Canet d’en Berenguer, a Mediterranean city located north of Valencia, will only allow 5,000 daily sunbathing on the local coast, about half the usual amount, to maintain social distance.
These spaces need to be booked in advance via the mobile application.
“This summer will be very different,” Pere Joan Antoni Chordá, the mayor of the city, told CNN. “There will be more space between your neighbors.
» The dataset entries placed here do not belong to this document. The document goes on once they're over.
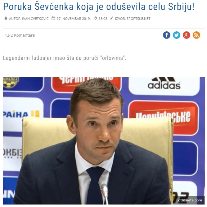 Вся сербська преса, і Sportske зокрема, з захопленням розтиражувала післяматчеві компліменти Андрія Шевченка їхній збірній з побажаннями вийти на чемпіонат Європи через плей-офф Ліги націй.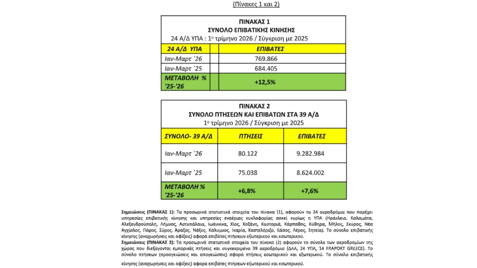 Αύξηση καταγράφηκε και στο σύνολο των 39 αεροδρομίων της χώρας, που εξυπηρετούν εμπορικές πτήσεις, συμπεριλαμβανομένων των αεροδρομίων της ΥΠΑ, της Fraport Greece και του Διεθνούς Αερολιμένα Αθηνών. Η συνολική επιβατική κίνηση αυξήθηκε κατά 7,6% το α’  τρίμηνο του 2026, φτάνοντας τους 9.282.984 επιβάτες, έναντι 8.624.002 το 2025.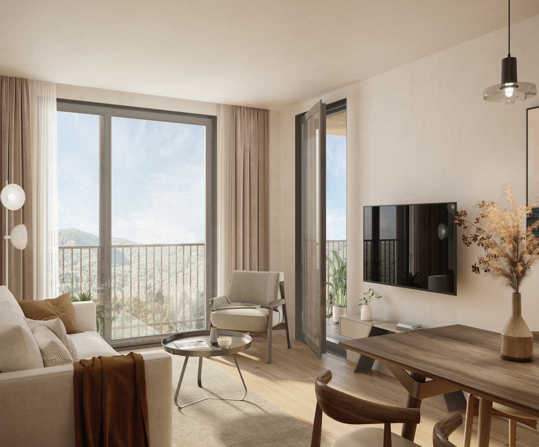 A la darrera planta, s’introdueixen tipologies diferents d’habitatges que disposen de terrasses més grans. Aquest canvi en la secció juntament amb tractament de nous materials en la façana permet reduir l’alçada aparent de tot el volum.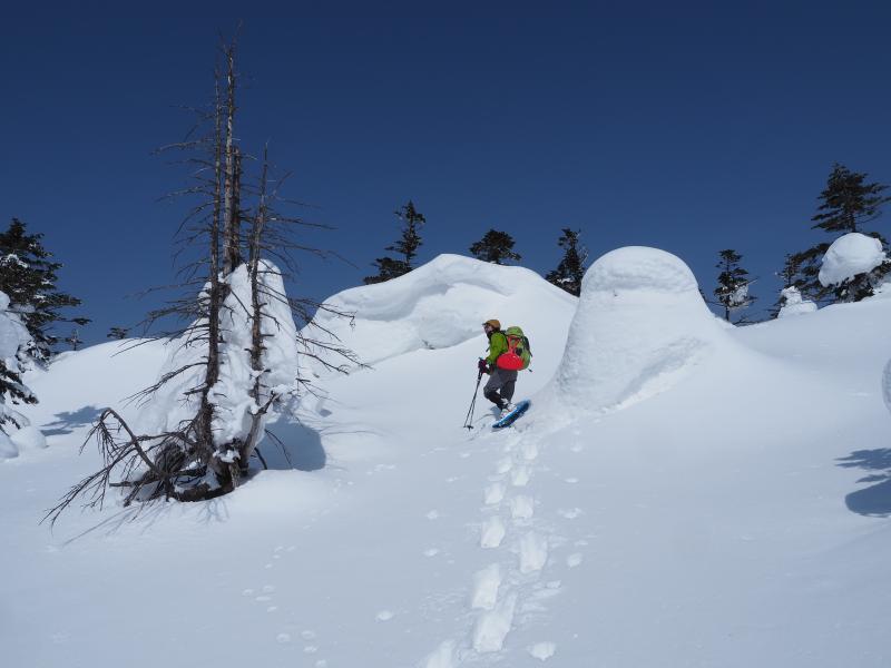 たまに雪を纏ってプチモンスターになった木々にはしゃぐ妻。もうすぐ、もうすぐと思える山頂はなかなか着かない。山頂直下、ラストスパート。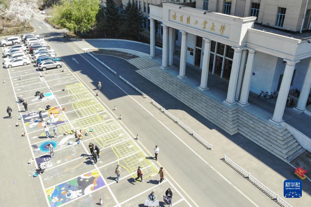 4月22日,在哈尔滨工业大学校园,学生在进行航天主题的大地彩绘(无人机照片)。

Like a ‘business class’ beach.”
Canet will use a lattice pattern to divide its broad, flat beach into several square sections, each separated by two meters (six feet).
These sections must be illustrated by placing a series of nets on the sand that look like large soccer goalposts to accommodate large groups of sunbathing.
Beach visitors will be allowed to book a sun session either in the morning or evening, but not all day.
According to the mayor, sunbathers can order available areas, such as choosing a seat online at the cinema, and arrival times will stagger to avoid the crowds.
Control the beach crowd
Sunbathers on the main beach in the Spanish city of Sanxenxo will be allocated a place based on “first come, first served”.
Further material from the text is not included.